And if you are a little more glass half full then you should cock an ear to Southend based piano man David Woodcock who takes a slightly different approach on his fantastic debut album, where over upbeat piano riffs the estuary man tells of ‘37 year single mothers who could teach me a thing or two.’

In fact the whole album, which lyrically documents a wonderfully English rubbish relationship, is a hoot from start to finish. It may be rooted very strongly in the Essex/South East pop tradition with its nods to Ian Dury, The Kinks, Madness and naturally enough Blur. Yet at the same time Woodcock is perhaps our very own answer to Ben Folds, a kind of garage punk Elton John, albeit one with a mischievous glint in his eye and some very quirky subject matter for his tunes.

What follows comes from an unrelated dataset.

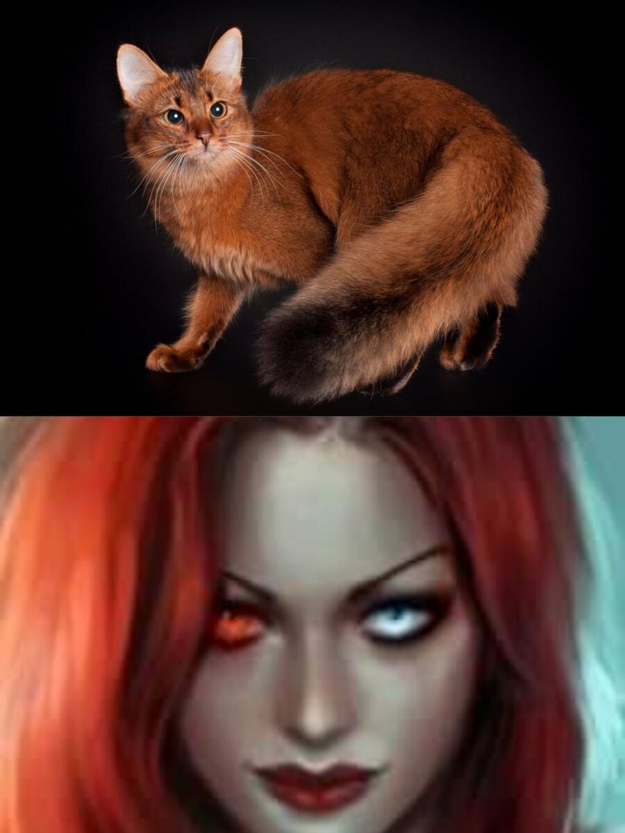 На фото сомалийская кошка - белка. Получила название из - за похожего окраса и пушистого хвоста.

It kicks off with Same Things, a humdinger of piano driven tune that was for me the single of last summer and the best bit of Britpop since, oooh fellow Southenders Menswear. And then to prove that gem was no fluke Woodcock launches into Open Secret with cascading piano and Mott The Hoople style horn riffs powering another power pop total gem which even descends into a messy psych coda.

In fact there’s not a duff moment here from the hysterical relationship travelogue,The Adventures Of You And Me – surely the first pop song not by the Darkness to mention Lowestoft – to End Of An Era with its Something Else period Kinks style chorus.

And it ends magically too with the drunken sing-along that is I Forgot To Miss You, appropriately enough recorded live in a Southend pub.

So no matter if your are nursing a bruised heart or skipping along Shoeburyness beach with your loved one, David Woodcock’s debut is an essential soundtrack. English pop album of the year so far? You betcha.